Gli scenari di guerra rappresentano un conflitto. E il conflitto (come spiegato da molteplici e numerosi manuali di scrittura e sceneggiatura, in pratica tutti!) è la base di ogni storia, l’elemento che desta sicuramente più curiosità.

La guerra può rappresentare, in un racconto/romanzo/film/serie tv, semplicemente lo “sfondo ideale” per le storie oppure (spesso) la tematica stessa. Altre volte può essere un vero e proprio personaggio a sé stante.

Esiste un intero filone cinematografico (i cosiddetti war movies) che ambientano le proprie storie all’interno dei campi di battaglia. In genere questi fanno riferimento a cliché già collaudati che poggiano sicuramente su fattori storici ben documentati (si spera) ma comunque riflesso di una concezione data da un autore che, a posteriori, racconta la vicenda. Diamo per scontato che si sta parlando di storie romanzate ambientate in periodo di guerra, quindi una scrittura finzionale, non autobiografie (le quali comunque non sono scevre di personalismi e soggettività, vedi la Prima guerra Mondiale raccontata da Gabriele D’annunzio e Giuseppe Ungaretti, la guerra è la stessa ma il punto di vista e la scrittura la rendono due guerre ben distinte).

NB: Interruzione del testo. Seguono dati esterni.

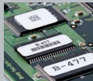
Circuit Board Labeling
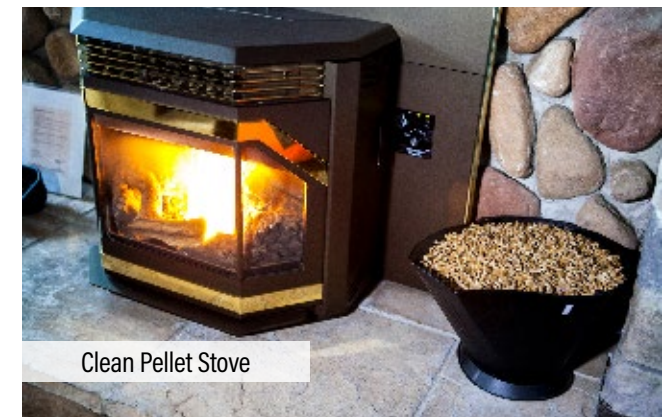
Clean Pellet Stove
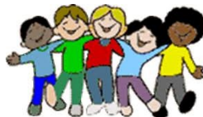
BEING WITH FRIENDS
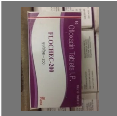
Cefixime Dispersible Tablet
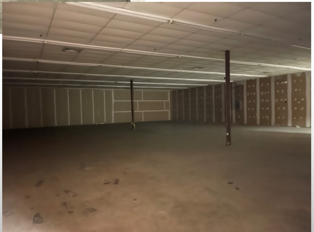
A 3rd Additional Room, Large with Separate Bathrooms
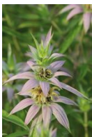
Spotted bea balm Monarda punctata 3.5" pot • Full Sun
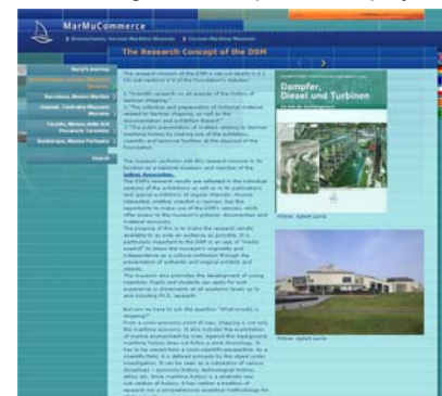
About the partners

The new MarMuCommerce website – with a more attractive design and content – substitutes the old one. This new website contains now not only information on the project, but also the joint virtual exhibition on the European Maritime Heritage and a database of good practice examples and the most significant outputs of the project.
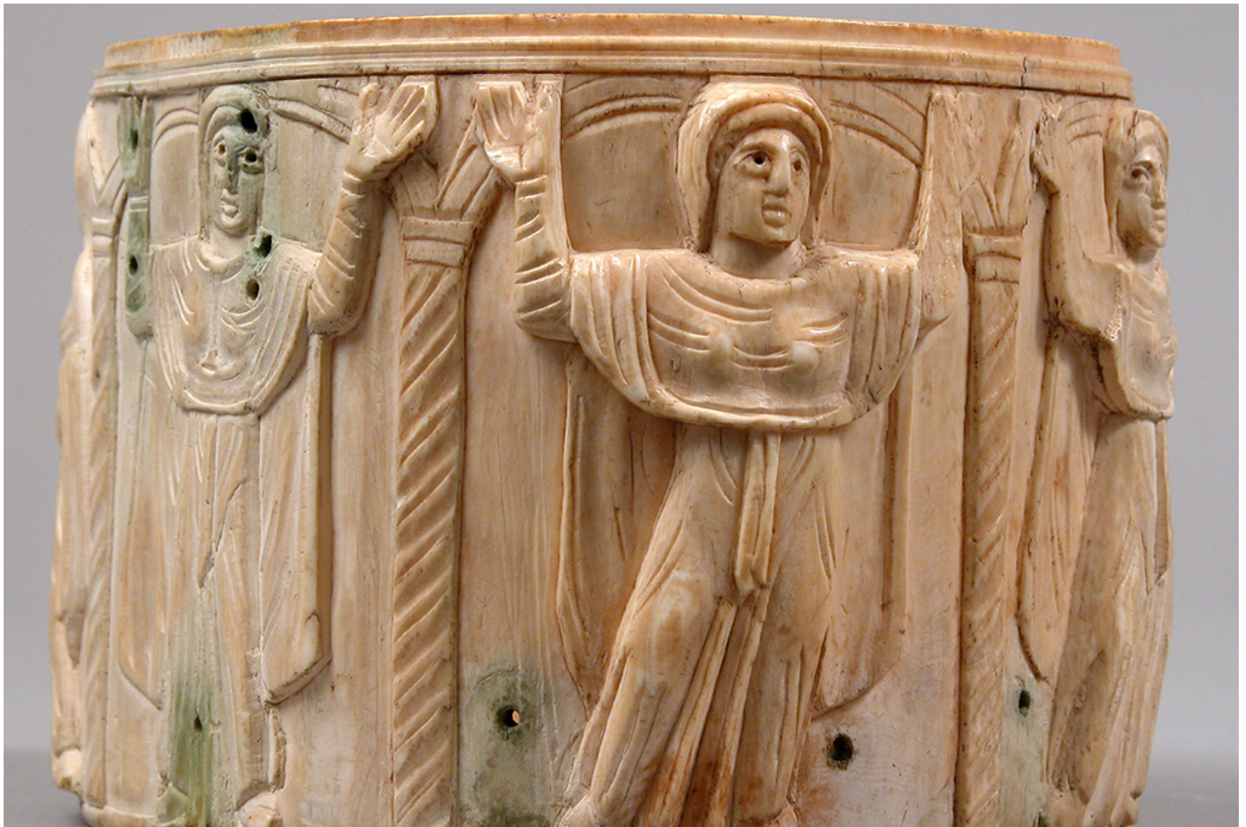
"Pyx with the Women at Christ's Tomb," ivory pyx, circa A.D. 500s, made in Eastern Mediterranean (Metropolitan Museum of Art)

Kateusz believes that the images are significant because they show women and men in parallel roles, their bodies and gestures mirroring one another, and she suggests that this parallelism is indicative of their equality in their liturgical roles.
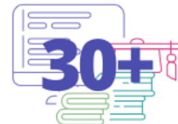
Peer-reviewed research studies
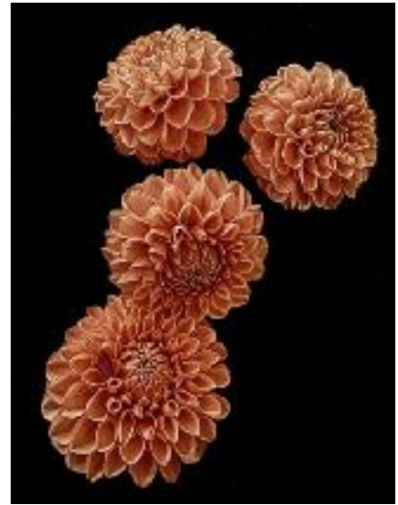
At the Market ©Diane Poole
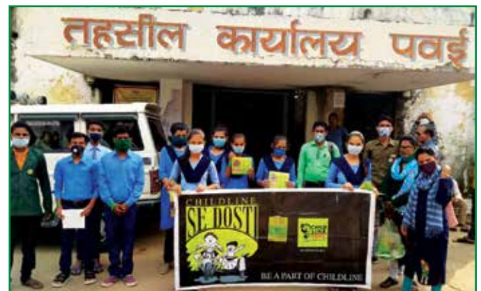
CHLDLINE Se Dosti programme in Pawai Panna

È quindi sempre il punto di vista che offre il tema da affrontare, il quale, a sua volta, caratterizza la storia (di guerra) di cui si vuole parlare. In questo senso, uno degli esempi più significativi è quello del dittico sulla Battaglia di Iwo Jima firmato dall’ex-Uomo Senza Nome Clint Eastwood.

Un’operazione che apparentemente nasce per il motivo opposto: rendere visivamente in maniera oggettiva che cos’è una guerra. Riuscendoci solo in parte perché nonostante gli intenti “documentaristici” il dittico cinematografico di  Eastwood è molto soggettivo e rientra nell’aurea di autorialità che il regista è riuscito sempre ad avere per tutti i suoi lavori.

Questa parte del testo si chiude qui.